Прокурор кисло усмехнулся:
— Едва ли их императорское величество сочтут возможным рассмотреть вашу жалобу, господин Куртуа…
— Я немедленно напишу о вашем беззаконии бельгийскому консулу! — Смидович стукнул кулаком по столу.
— Успокойтесь, господин Куртуа…
— Не успокоюсь! Вы не имеете права держать меня столько времени, не предъявляя никакого обвинения. — Он перешел на крик. — Я требую!.. Я настаиваю!.. Я…
Смидович вскочил со своего железного стула, который, возвращенный пружиной, громко стукнул о стену. Вскочил и прокурор, намереваясь срочно ретироваться, но не успел. Смидович с воплем кинулся на него. На выручку бросился надзиратель, точным и сильным ударом кулака он стукнул Смидовича в голову. Петр Гермогенович пошатнулся.
— Его нельзя бить, он тяжело болен, — строго сказал подбежавший доктор. — Оставьте его в покое…
Дверь камеры захлопнулась, щелкнул замок, и Смидович бессильно упал на кровать. Два дня он не вставал и отказывался от пищи. На третий день из–за закрытой двери он услышал голос Усатого:
— Если вы не будете драться, то я отведу вас в больницу, господин Куртуа.
— Не буду, Иван Ерастович.
— Вы на меня не держите зла, господин Куртуа. Сами понимаете, служба.
— Не держу, Иван Ерастович.
Впустив Смидовича в кабинет, доктор запер дверь на крючок.
— Выпейте вот это. Что, невкусно?.. Разденьтесь. Как вы себя чувствуете, голубчик? Дышите… — Все это доктор сказал нарочито громко и тут же перешел на шепот. — Они мне не очень доверяют. Но из того, что я услышал, мне кажется, что ваше дело будет решено в наикратчайший срок.
— И что же меня ожидает, Николай Николаевич?
— Принимая во внимание ваше состояние, о котором я написал подробное медицинское заключение, все может решиться без суда, в административном порядке… Вы очень хорошо сделали, что помянули о бельгийском консуле.
— Это помогло? — Смидович искренне удивился.
— Еще как! По–моему, именно эта фраза решила дело в вашу пользу. Все–таки иностранец! Дойдет до Европы!
Слово «иностранец» доктор произнес с ударением и испытующе посмотрел на Смидовича. Петр Гермогенович в ответ виновато опустил глаза, словно извиняясь, что столько времени морочил голову хорошему человеку.
— Может быть, мы с вами никогда больше не увидимся, голубчик. — Доктор протянул большую жилистую руку. — Прощайте!
— Гора с горой не сходится, Николай Николаевич, а человек с человеком… — Смидович не докончил, глянул в погрустневшие глаза доктора и вдруг порывисто обнял его.

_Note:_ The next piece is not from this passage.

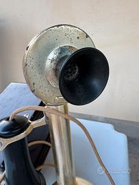 Telefono d’epoca a candeliere con disco combinatore e scatola suoneria in legno con doppia campana in ottone (anni ’20-’30 circa).

Прошла еще долгая, томительная неделя, и Смидовича вызвали наконец вниз, в контору. За письменным столом, обтянутым зеленой материей, сидели штаб–ротмистр в синем мундире и прокурор. Увидев Смидовича, ротмистр показал рукой на пустое кресло:
— Садитесь, господин Куртуа. Имею честь сообщить вам, что государь император по всеподданнейшему докладу господина прокурора Санкт–Петербургской судебной палаты о деле бельгийского подданного Эдуарда Куртуа высочайше повелеть соизволил решить настоящее дознание административным порядком и выслать оного Эдуарда Куртуа за границу без права въезда в дальнейшем в вверенную его императорскому величеству империю.